For five summers, I got up every morning and put on a deep blue t-shirt, “STAFF” emblazoned on the back in white. During my morning commute, I would inevitably glance down, checking that I was still wearing my work “uniform.” The first time I drove into the parking lot of my high school as a summer employee rather than a student, I almost threw up.

There was nearly no way I wasn’t going to apply to work at the summer day camp housed in my high school. Nearly all of the counselors were alumni or current school staff, so when my brother graduated in 2014 and put in his application, my mom suggested I do the same—no matter that I was a rising senior whose only job experience included a few weeks of selling cookies in Faneuil Hall. I was hired and placed in the Gazelle group—I’d be taking care of kindergarten and first graders for the next eight weeks.

Like most seventeen-year-olds, I wasn’t sure what I wanted to do with the rest of my life. I got lucky; being a camp counselor fit me like a glove.

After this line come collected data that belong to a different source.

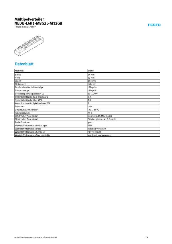 Akcesorium FESTO NEDU-L4R1-M8G3L-M12G8 574586 1 szt.
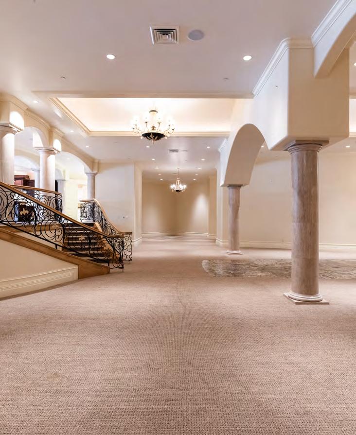 One of the unique rooms in the home is a massive area originally designed to be a trophy room. It has tall ceilings, a mixture of carpet and granite flooring, and lots of wall space. This could also serve as a family room, a game area, or even an arcade.
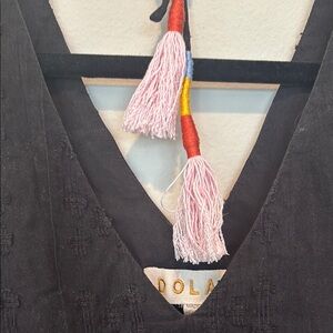 Elegant black cover up by Dolan. Sleeveless design with a V-neck. Features colorful trim at the hem.
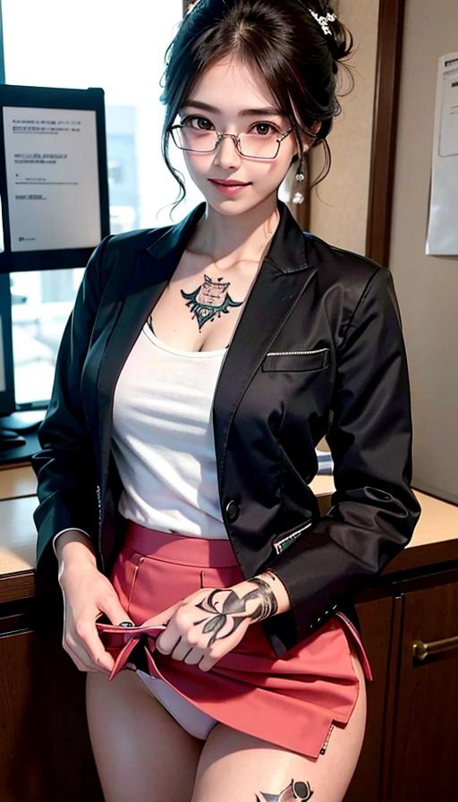 jacket partially removed, heart in eye, burnt clothes, holding fishing rod, kanji, doujin cover, pentagram, tape gag, adjusting headwear, red socks, friends, cloud print, coke-bottle glasses, oral invitation, competition school swimsuit, barbell piercing, gradient legwear, prisoner, blood on breasts, wind chime, carrying over shoulder, tape measure, flaming weapon
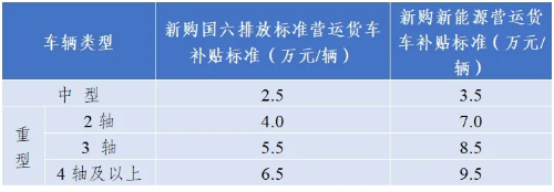 3.對距離強制報廢年限不滿一年的國四及以下排放標準營運貨車實施報廢,并新購中重型國六排放標準貨車或新能源貨車的,按照新購補貼標準予以補貼;對掛車不予補貼。
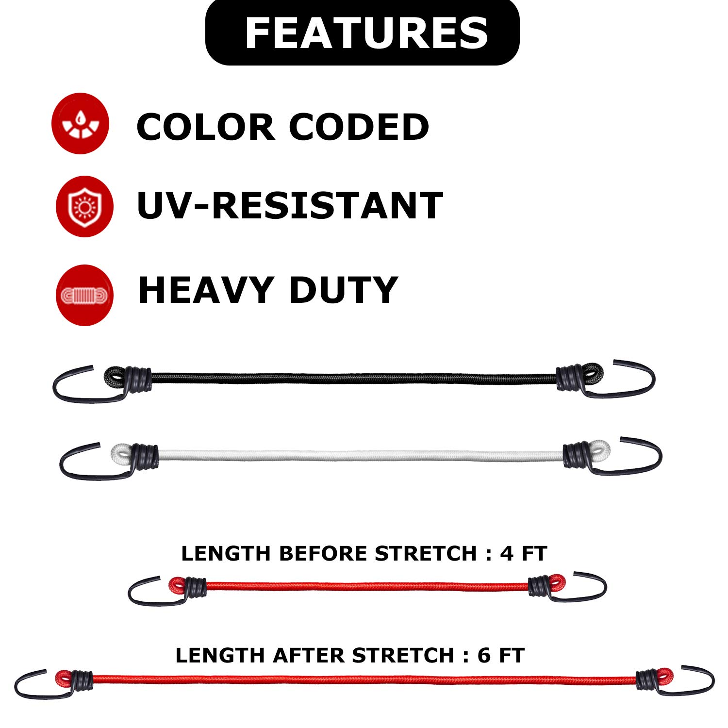 Akabaah’s elastic bungee/shock cords are elastic and resistant to wind and wind pressure. They have an extremely tough, high-stretch, strong natural rubber latex core. The cord is lightweight, strong, wear-resistant and long-lasting. Akaba bungee cords or luggage straps are ideal for everyday use around the house, while camping and can be easily housed in workshops of all sizes. They can also help organize your trunk.
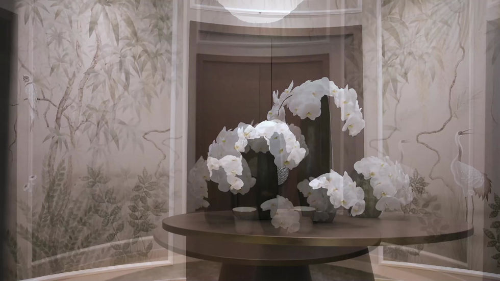 The Coral Villa masterfully balances classic and contemporary design elements, creating a timeless aesthetic elevated by the bold vibrancy of its color palette. Traditional architectural details, such as ornate moldings and refined finishes, are paired with sleek, modern furnishings to achieve a perfect contrast. The vivid hues of coral and green serve as the unifying thread, bringing warmth and energy to the interiors while adding a playful yet sophisticated touch to the overall design. This dynamic interplay of styles and colors results in a space that feels both elegant and refreshingly unique.
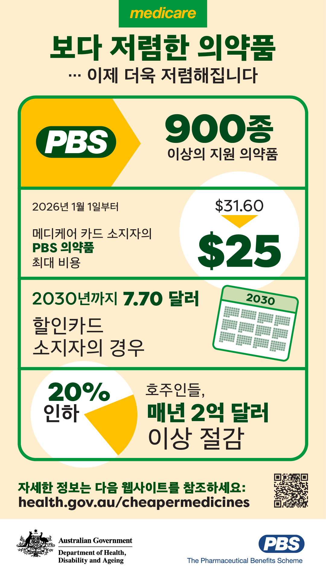 본 인포그래픽은 메디케어 카드 소지자의 공동부담금이 25 달러로 인하된 사항과 2030년까지 할인카드 소지자의 공동부담금 동결 등, 900여 종 이상의 지원 의약품에 적용되는 PBS 의약품 비용 변경 사항을 중점적으로 소개합니다.
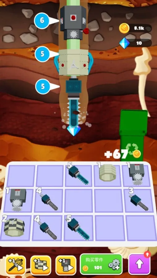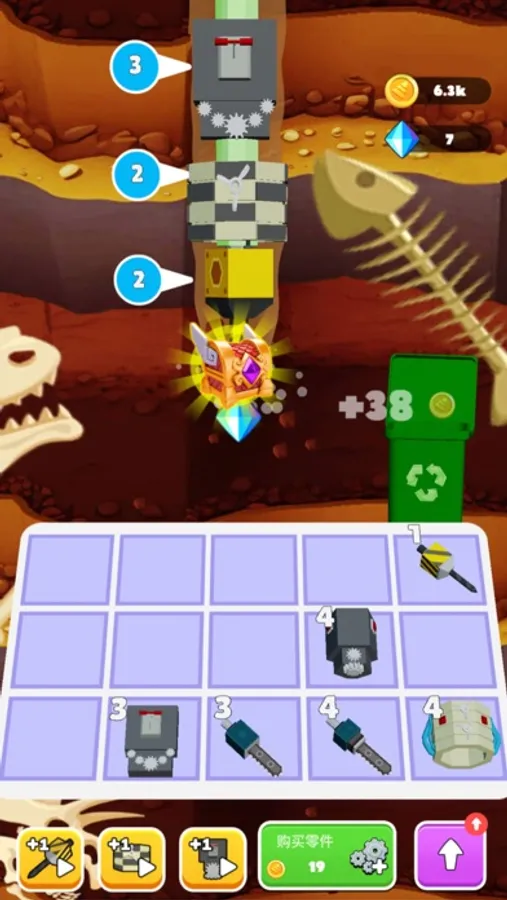In the game, you will face various exciting challenges and obstacles, requiring clever choices in component synthesis to acquire a more powerful drilling machine. Each new component brings unique functions and abilities, such as increasing digging speed, boosting gem earnings, or unlocking special powers. By constantly upgrading and improving your drilling machine, you can explore the underground world more extensively and discover a greater variety of precious gems and treasures.
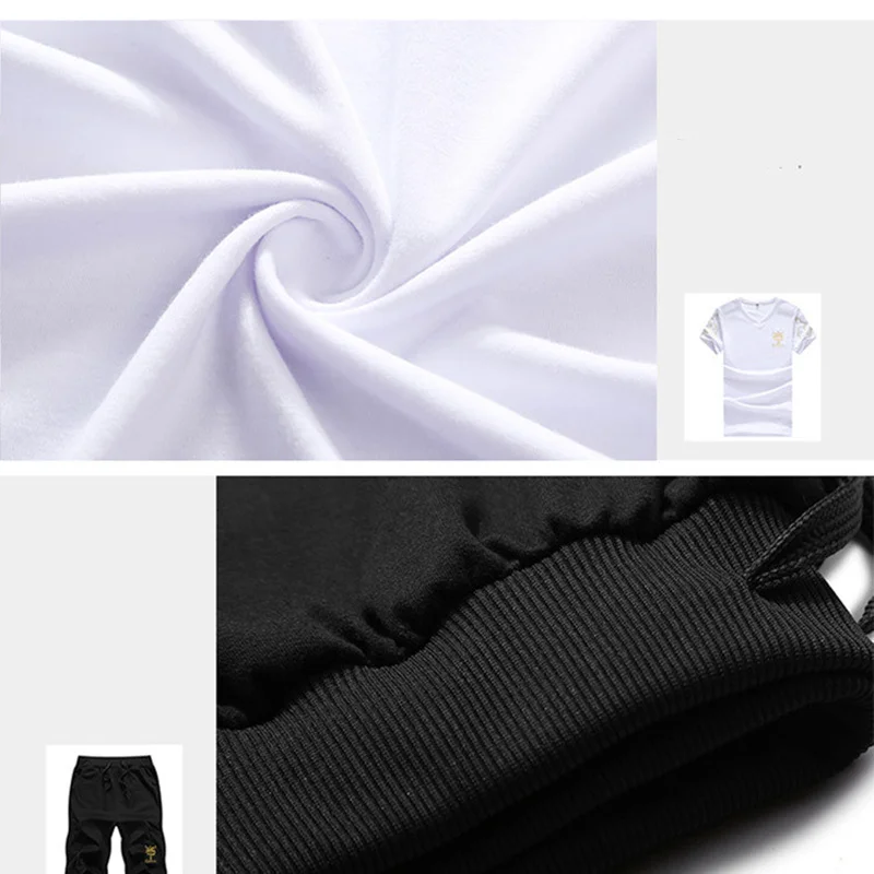 Мужские украшенные вышивкой комплекты летние мужские спортивные кос...
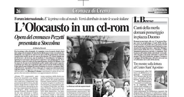 L’Olocausto in un cd-rom. Forum internazionale. E’la prima volta al mondo. Verrà distribuito in tutte le scuole italiane. Opera del cremasco Pezzetti presentata a Stoccolma.
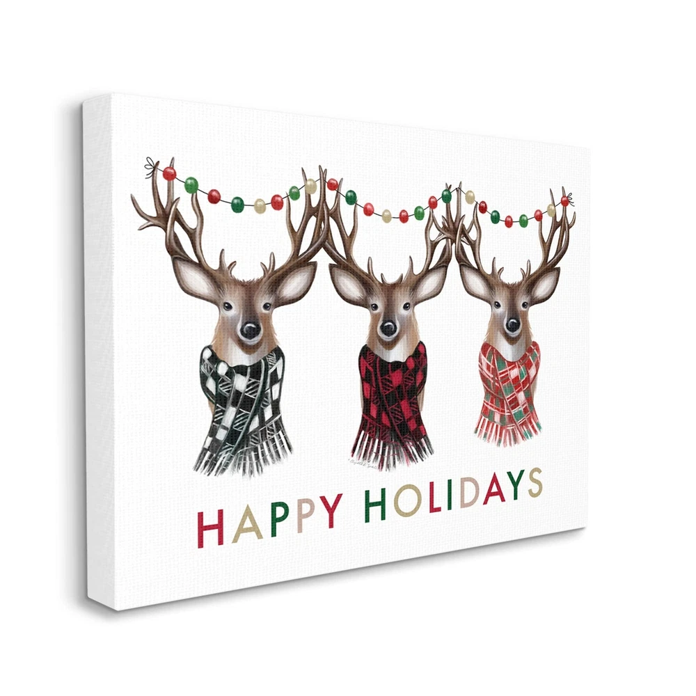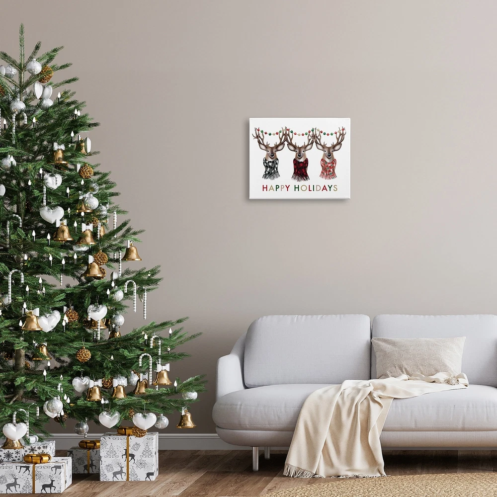 Proudly made in the USA, Our stretched canvas is created with the highest standards. We use only the highest quality inks and canvas on our in house Mimaki printers, and then hand cut and stretch each piece over a 1.5 inch thick wooden frame for hanging. The art comes ready to hang with no installation required.Features:Wall Art is Ready to Hang - No Installation or Hardware Needed. For Easy Set Up Lean or Layer Artwork on Shelf or Against Wall.Our stretched canvas is created with the highest standards. We use only the highest quality inks and canvas on our in house Mimaki printers, and then hand cut and stretch each piece over a 1.5 inch thick wooden frame for hanging. Made In USA.Artwork Ideal for any Living Room, Den, Entryway, Bedroom, Office, Kitchen or Bathroom.Design by Elizabeth Free Shipping Over $49.99* Details Stupell Happy Holidays Christmas Reindeer Antlers Plaid Scarf Canvas Wall Art - Product Description: Proudly made in the USA, Our stretched canvas is created with the highest standards. We use only the highest quality inks and canvas on our in house Mimaki printers, and then hand cut and stretch each piece over a 1.5 inch thick wooden frame for hanging. The art comes ready to hang with no installation required. Features: Wall Art is Ready to Hang - No Installation or Hardware Needed. For Easy Set Up Lean or Layer Artwork on Shelf or Against Wall. Our stretched canvas is created with the highest standards. We use only the highest quality inks and canvas on our in house Mimaki printers, and then hand cut and stretch each piece over a 1.5 inch thick wooden frame for hanging. Made In USA. Artwork Ideal for any Living Room, Den, Entryway, Bedroom, Office, Kitchen or Bathroom. Design by Elizabeth Tyndall
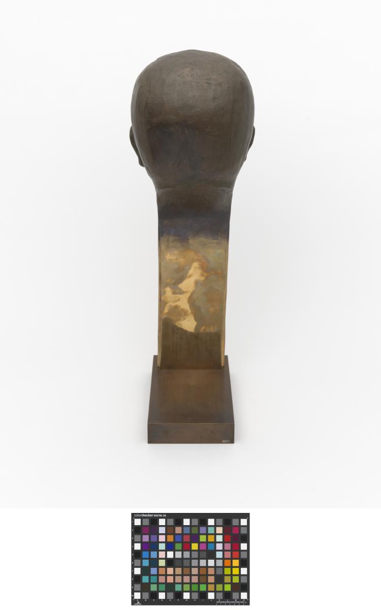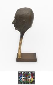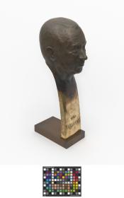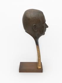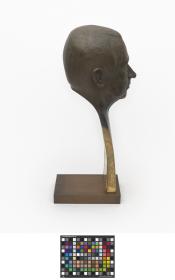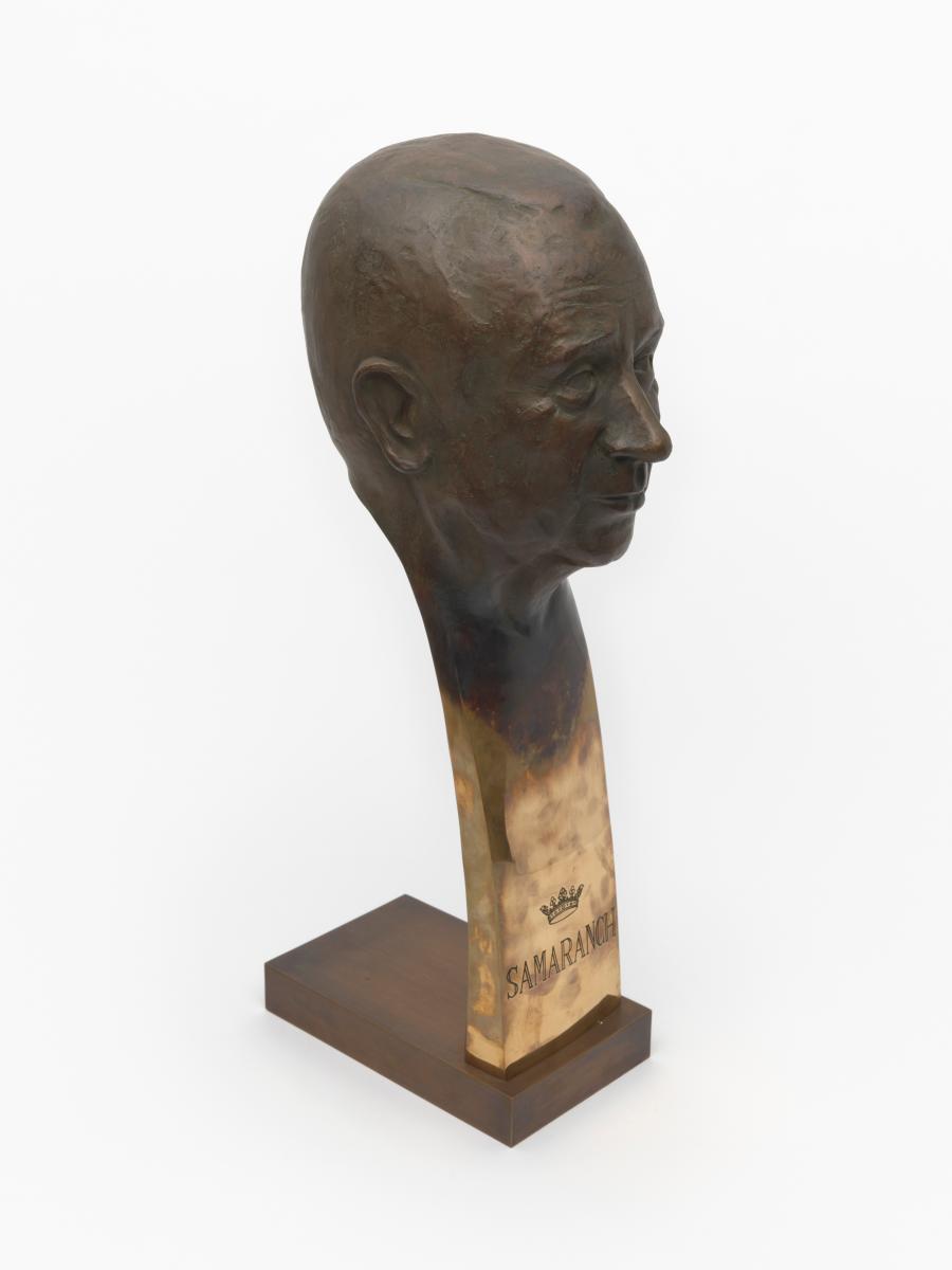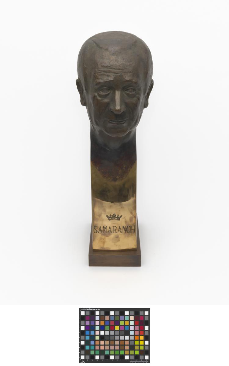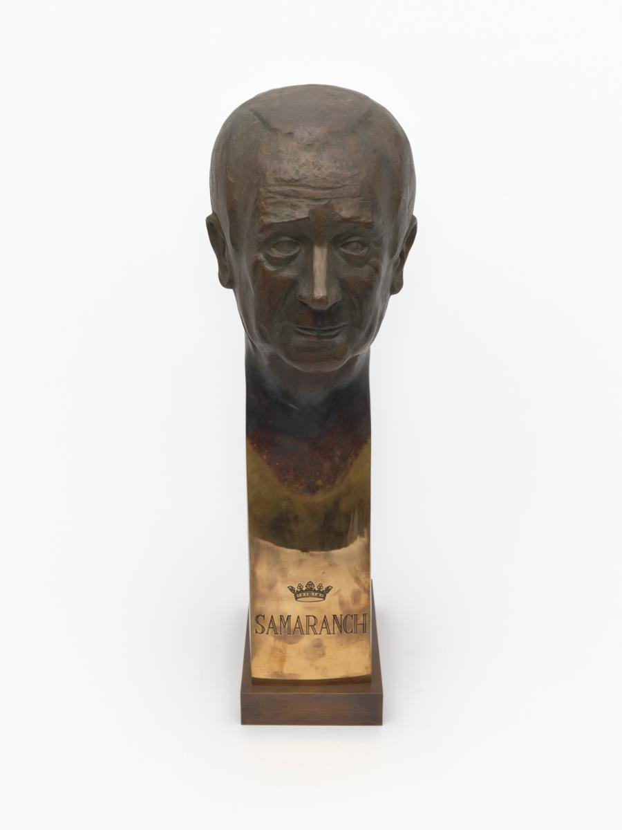 At the bottom of the stylised bust, a crown and the cap. "Samaranch" are engraved. Signed: Rosa Serra.

Other staff figured this out before I did. During Carnival, the infamous day during the last week of camp—when everyone was strung out and ready to float in a pool and never yell again—a traveling company set up five knock-off amusement rides, and the counselors made sure the kids weren’t throwing up (too much) or dying of heat stroke. As I was closely watching to make sure the kiddos weren’t running from the one spinny ride to the other, the tennis instructor came up to me.

“You’re really good with the kids,” he said and squinted at me. “They really care about you.” This, paired with a comment from the head counselor of the Bucks, the middle school boys group, during a staff meeting—“She’s the one you should thank. I don’t know her name, but she takes care of the trash at lunch on her own.”—made me never want to work a different summer job.

Being a camp that drew most of its staff from an already tightly knit school community did have some drawbacks. I rarely ate lunch in the staff lounge most years, choosing instead to spend my lunch break reading in the hallway or serving lunch to the younger kiddos. Interactions with coworkers were more fraught when you had years of history—sometimes you had to put aside the fact that this dude basically broke apart your friend group in ninth grade and work with him to calm down a raging fourth grader. I loved camp regardless.

Summer bled into summers: in 2015, a lot of my friends got hired and couldn’t understand why I looked forward to work; in 2016, I put my first triple circle stitch on my water bottle, where it still lives today; in 2017, I decided I didn’t need more than fifteen identical camp shirts, cemented my place as the ruler of the after camp craft room with my gimp and friendship bracelet skills, and finally learned how to play solitaire; in 2018, we got a new director and nearly half the staff quit; in 2019, the old director came back, and I saw some of my first campers, who were six years old then, now going into middle school.

Summer after summer, I’d see familiar faces—former campers who aged into other groups but would still hang on my limbs any chance they got, siblings who I had seen glimpses of at drop-off finally got their chance to come to camp, counselors who came back to spend another year rubbing on sunscreen, getting too combative during gaga, and stealing tater tots.

After missing 2020 and intentionally sitting out of 2021, I now imagine all these gaps in the legacy I built—the campers whose names will fade further from my memory, the staff who won’t know to take out the bins during lunch, the campers who will continue to grow up and forget me—a brief adult in their life, a flicker of care and love. I, after all, can’t recall even a face of the many counselors of my elementary school summers.

My sister is working at camp this year. After the first week, I’m bursting at the seams. Is anyone asking about me? I want to scream. Do they remember the hours I spent teaching them friendship bracelet stitches? The card games we played? Do they miss me?

She came home in a light blue shirt—camp name off to the side; “STAFF” emblazoned in dark blue.

“They got new shirts!” I yelled. She grinned and showed it off.

“Yeah, aren’t they nice?” she said. They were, objectively better than the twenty shirts still folded in my closet. “Some people asked where you were,” she said off-handedly.

I want more than being missed, though; I want my summers as a Gazelle counselor back. But now, those summers are like the blue t-shirts I can’t get rid of—relics of the past, fading further, fading faster.